**Given information:**
==*==

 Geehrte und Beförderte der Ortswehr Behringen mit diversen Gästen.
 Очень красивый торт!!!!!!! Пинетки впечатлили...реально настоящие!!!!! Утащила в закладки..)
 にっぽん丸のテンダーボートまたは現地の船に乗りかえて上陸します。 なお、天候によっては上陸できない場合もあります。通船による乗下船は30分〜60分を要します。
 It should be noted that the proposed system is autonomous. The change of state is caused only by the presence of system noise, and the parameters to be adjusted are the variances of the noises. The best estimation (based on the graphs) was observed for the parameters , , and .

==*==

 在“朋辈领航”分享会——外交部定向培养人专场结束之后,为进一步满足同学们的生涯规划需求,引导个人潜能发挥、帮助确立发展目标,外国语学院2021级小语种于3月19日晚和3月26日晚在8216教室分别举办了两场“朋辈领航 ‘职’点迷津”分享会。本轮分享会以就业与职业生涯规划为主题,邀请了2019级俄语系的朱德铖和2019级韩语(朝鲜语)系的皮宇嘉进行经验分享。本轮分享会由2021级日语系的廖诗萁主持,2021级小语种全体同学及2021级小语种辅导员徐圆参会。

==*==

**What the task asks:** Taking the lines above, repeat exactly those from the line that contains "Очень красивый торт!!!!!!!" through the line that contains "It should be", and both of those lines as well. Include nothing else.

**Task result:**
 Очень красивый торт!!!!!!! Пинетки впечатлили...реально настоящие!!!!! Утащила в закладки..)
 にっぽん丸のテンダーボートまたは現地の船に乗りかえて上陸します。 なお、天候によっては上陸できない場合もあります。通船による乗下船は30分〜60分を要します。
 It should be noted that the proposed system is autonomous. The change of state is caused only by the presence of system noise, and the parameters to be adjusted are the variances of the noises. The best estimation (based on the graphs) was observed for the parameters , , and .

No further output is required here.